Recommended Syncthing folder roles (so you don’t accidentally delete your entire photo library at 2am):
- Main phone: send‑only
- Pixel: receive‑only
The Pixel receives copies, uploads them, and you can safely delete local batches on the Pixel later without nuking your originals.
🍎 iPhone → Pixel (3 options)
Option 1: PhotoSync (most “it just works”)
PhotoSync is built for moving photos between iOS/Android/computers, and it has an auto‑transfer mode.
Basic idea:
- Install PhotoSync on iPhone + Pixel.
- Set the Pixel as the target.
- Turn on auto‑transfer on the iPhone.
iOS is still iOS, but PhotoSync is the closest thing to “set it and forget it” without building your own Rube Goldberg machine.
Option 2: Möbius Sync (Syncthing on iOS)
It works, but don’t expect a real background daemon. iOS won’t allow continuous background sync — it runs when the app is open, shortly after, or when the system lets it breathe.
Option 3: The boring reliable relay
iPhone → iCloud/OneDrive → Mac/Laptop → Syncthing → Pixel
Not elegant. Extremely dependable.
💻 Mac / laptop → Pixel (Syncthing)
Syncthing on desktop is the “adult supervision” version:
- Create a folder like
camera-roll-dropbox/. - Share it with the Pixel’s
Pictures/pixel-inbox. - Anything you dump there ends up on the Pixel and gets backed up.
The boss fight: migrating your existing gigabytes
This is the part that turns into a week‑long trauma if you wing it.
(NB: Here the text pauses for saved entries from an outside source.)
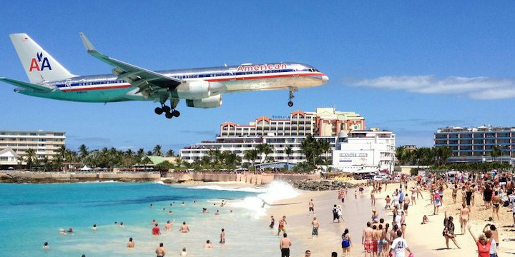 Auf der Karibikinsel St. Maarten düsen landende Maschinen direkt über die Köpfe der Strandgänger hinweg.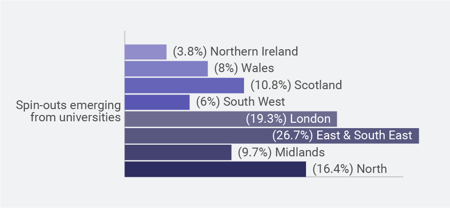 The pattern again demonstrates the strong link between research intensity and spin-out generation, whilst also highlighting potential opportunity for further growth across other regions.
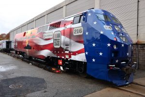 Metro North has unveiled the eighth locomotive in the railroad’s Heritage Series—a moving tribute to our nation’s veterans. Created and designed by Metro-North veterans, this locomotive embodies our gratitude to those who have worn the uniform, both within the Metro-North family and across the country. The Veterans locomotive will be on public display at Grand Central Terminal tomorrow, Veterans Day, and on Wednesday, before entering passenger service at the end of the month.

Strategy: batch, upload, verify, delete, repeat.
- Export/download your archive.
- If the source is Google: use Google Takeout to download in zip chunks (pick a size your storage can handle).
- Move a batch to the Pixel.
- USB cable is fastest.
- Or sync from your laptop via Syncthing.
- Unzip on the Pixel (or on the laptop).
- Move only media files into
Pictures/pixel-inbox.- Ignore Takeout
.jsonsidecars (Google Photos won’t use them on re‑upload).
- Ignore Takeout
- Open Google Photos on the Pixel and let it chew.
- When backup is done, delete the local batch on the Pixel to free space.
- Repeat until you’re done.
Sanity checks that save lives:
- Do a tiny test batch first (like 200 files) and confirm it uploads correctly.
- If you care about date order: Takeout + re‑upload can reshuffle timestamps depending on metadata. Test before you commit.
- Keep an external copy until you’ve verified the upload.
Maintenance tips
- Keep the Pixel plugged in, screen off, Wi‑Fi on.
- Exclude Google Photos + your sync app from battery optimization.
- Keep the Pixel somewhere it won’t cook itself (heat is the silent killer).
FAQ energy
Does this work on Pixel 5? Yes, but only unlimited Storage Saver. Original quality counts toward storage on those models.
Will Google kill it? Maybe. The only honest stance is: it works today, so I’m using it today.